On that note: This year, we celebrate RID’s 60th birthday. The Code of Professional Conduct - formerly the Code of Ethics - was written in the first year of RID, in 1965 by Lottie Reikehof, the chair of the ethics committee and since, has seen many changes. In 2005 The Code of Ethics morphed into the Code of Professional Conduct, codified by the RID and the National Association of the Deaf. For the past 19 years, the CPC has served as a compass for our professional ethics, behavior, standards, and conduct both with our consumers and fellow interpreters. A code of conduct is the “meat and potatoes’’ to the code of ethics, as we see with the NAD-RID CPC, it behaves as a guiding document that demonstrates how the code of ethics are applied. The seven tenets of the CPC, along with guiding principles that break down into subsets of illustrative examples, essentially demonstrates “how to ‘’ react, behave, and apply judgment in a given situation by the very ethics we hold as sign language interpreters. Having a code of ethics in tandem with a code of conduct is the cornerstone of any relevant professional organization that holds itself to high standards of moral, ethical, and social justice virtues if such tenets are applied consistently for both the good of the communities we serve and the consistent tangible behavior of our members as a profession.

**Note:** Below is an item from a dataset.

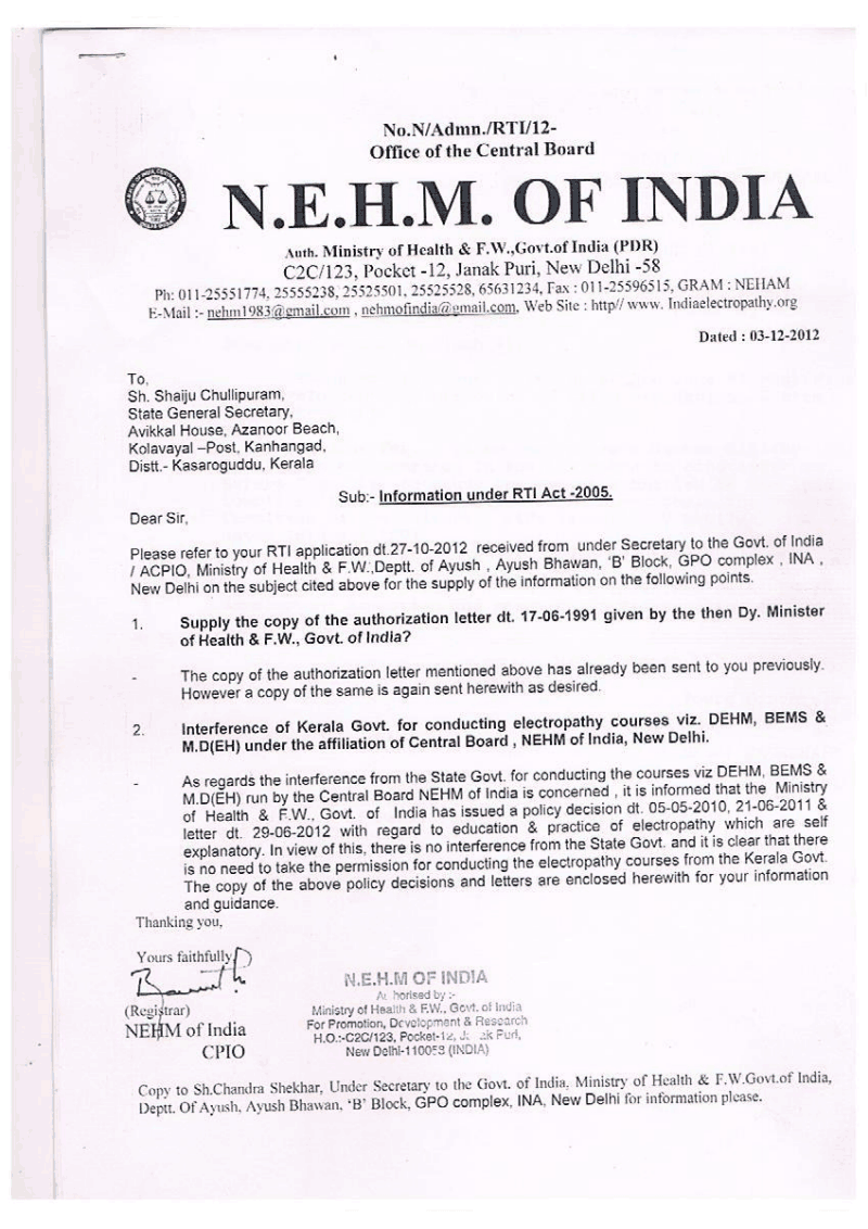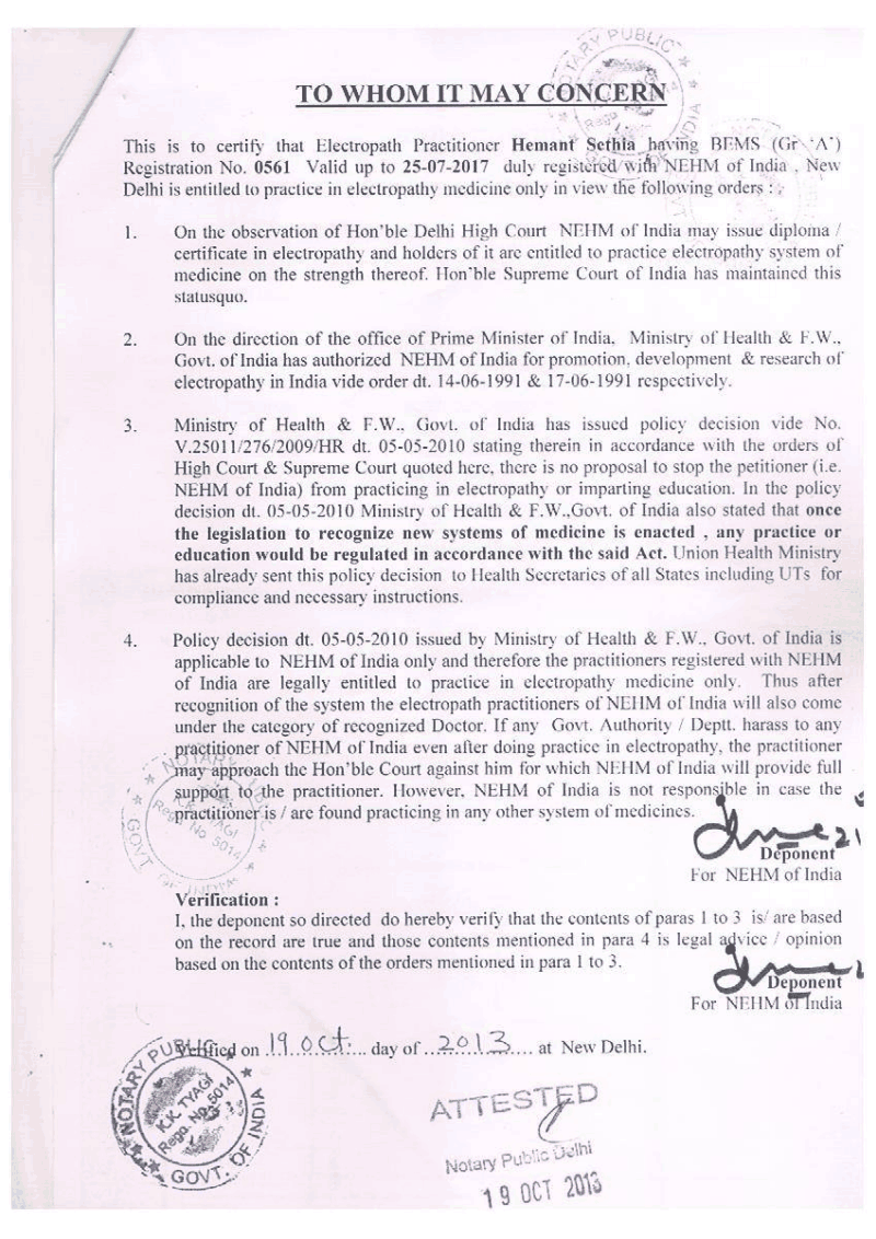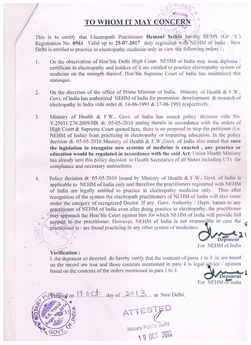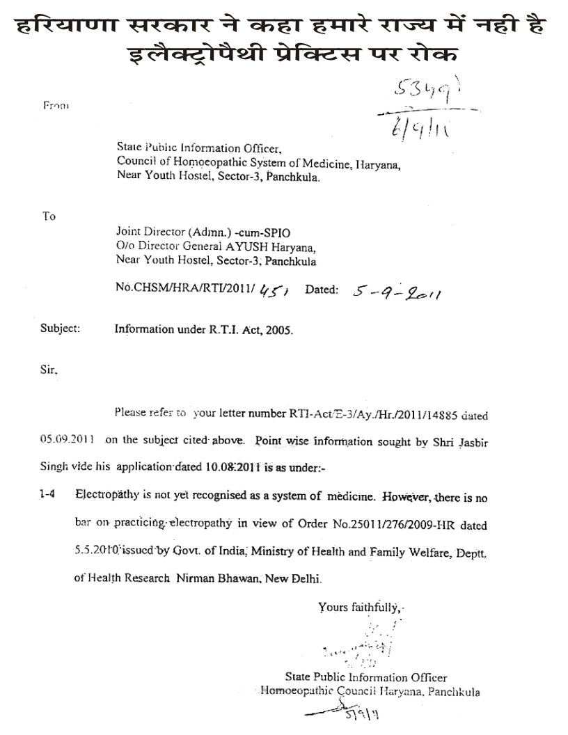 - Haryana Govt Electropathy NOC letter

We’re also celebrating the one year anniversary of the launch of the newly reformed Ethical Practices Systems. ASL interpreting is a “trust profession” in that practitioners and service providers are privy to some very personal events of consumers, and have access to their extremely sensitive information. To be effective in their work, interpreters are held in trust that they will adhere to, at the very least the Code of Professional Conduct, but also the highest ethical standards. The EPS policy and enforcement procedures differ from the CPC in that the CPC is aspirational in nature - interpreters shall aspire to incorporate these values into our daily work, the EPS holds us accountable to ourselves, to our colleagues and to our consumers for doing so across all arenas of our professional endeavors.

While RID, its members, and the communities we serve have come a long way in establishing sign language interpreting as an ethical profession with high standards, there is still much to be done. The world watches our actions and looks to us for guidance as trailblazers in the field of sign language interpreting. I hope you will continue to join us in the pursuit of strengthening our ethical practices, alongside our standards and principles to provide superior stewardship to the communities we serve.